Two nights ago, I purchased Ed Miller’s latest ebook, Poker’s 1%. I finished reading it yesterday.
Before I offer my opinion on Ed’s book, I’d like to provide some background of my learning process with GTO so far.
I’ve spent a good deal of time and effort in GTO land over the last six months or so. I’ve struggled with the most basic concepts since I first read Mathematics of Poker in early 2007. When learning new things, I often frustrate teachers and my learning process because I find difficulty moving forward unless I feel I thoroughly understand every detail of what’s already been discussed. This digging often has me prematurely diving into advanced concepts. Over the last six months, I’ve:
• Reread much of Mathematics of Poker
• Read Tipton’s Expert NoLimit Holdem Volume One
• Read Janda’s Applications of NoLimit Holdem (not quite finished yet)
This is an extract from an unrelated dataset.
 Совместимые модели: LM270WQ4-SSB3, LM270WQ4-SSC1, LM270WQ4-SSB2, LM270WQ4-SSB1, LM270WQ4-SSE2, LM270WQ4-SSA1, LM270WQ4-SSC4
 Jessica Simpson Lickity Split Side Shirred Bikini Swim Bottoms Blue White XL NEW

• Read Newall’s The Intelligent Poker Player
• Watched many videos on GTO at DeucesCracked
• Engaged in discussions with these authors and video producers
• Posted thoughts/questions in forums
• Played with ideas in software, etc.
Gleaning from the work of these producers, I’ve straightened out a few misconceptions and have a better understanding of the moving pieces. However, I still have much to learn, and I still have unanswered questions and concerns. I’ll blog more about those soon.
My appreciation for Ed’s teaching style is 10-years running. He has a knack for simplifying complicated topics. While I typically dig past simplifications, I always benefit from his insights.
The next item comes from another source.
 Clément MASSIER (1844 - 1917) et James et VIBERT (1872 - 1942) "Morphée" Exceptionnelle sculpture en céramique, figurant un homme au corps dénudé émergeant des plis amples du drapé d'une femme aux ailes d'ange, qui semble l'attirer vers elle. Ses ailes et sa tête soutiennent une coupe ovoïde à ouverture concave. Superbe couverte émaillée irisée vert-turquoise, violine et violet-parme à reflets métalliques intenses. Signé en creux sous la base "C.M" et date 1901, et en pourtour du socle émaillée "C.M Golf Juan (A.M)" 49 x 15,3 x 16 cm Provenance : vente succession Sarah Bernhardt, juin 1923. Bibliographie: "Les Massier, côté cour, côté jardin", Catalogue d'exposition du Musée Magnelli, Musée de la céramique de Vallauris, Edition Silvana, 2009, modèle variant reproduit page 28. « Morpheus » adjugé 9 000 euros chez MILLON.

Upon seeing the marketing for Poker’s 1%, I was skeptical. More so, I was afraid I would be disappointed.
I wasn’t disappointed with Poker’s 1%. If you’re a student of the game struggling with Janda’s book or the other GTO books, I recommend you get Ed’s book. I feel Ed has fulfilled his niche quite well in GTO land. As far as I can tell, he’s done a great job of presenting a 30,000 foot view of GTO.
I say “as far as I can tell” because I’m still hashing this stuff out myself.
Ed confesses in several places that he doesn’t have accurate numbers and in some spots has yet to truly understand proper application of the frequencies. He points the reader to more advanced material to work out details. He also offers something of arbitrary frequencies without spending much time explaining when to deviate from the standard frequency he offers. One criticism I have for the book is it would have been more valuable with a few chapters—instead of a few paragraphs—dedicated to the variables that dictate changes in frequencies.
The most valuable thing I gleaned from Ed’s book is motivation to begin working on situations myself. Ed made me feel like I now have the ability to start analyzing my range and frequencies. I start this process today. This kick-in-the-pants alone was worth the price of entry.
Poker’s 1% is a small book. I finished reading in about 2.5 hours. The book boils down to a hand-held tour of the big picture of GTO. You’ll have to decide if you need this tour for the price of the ticket. I’m happy I took the tour.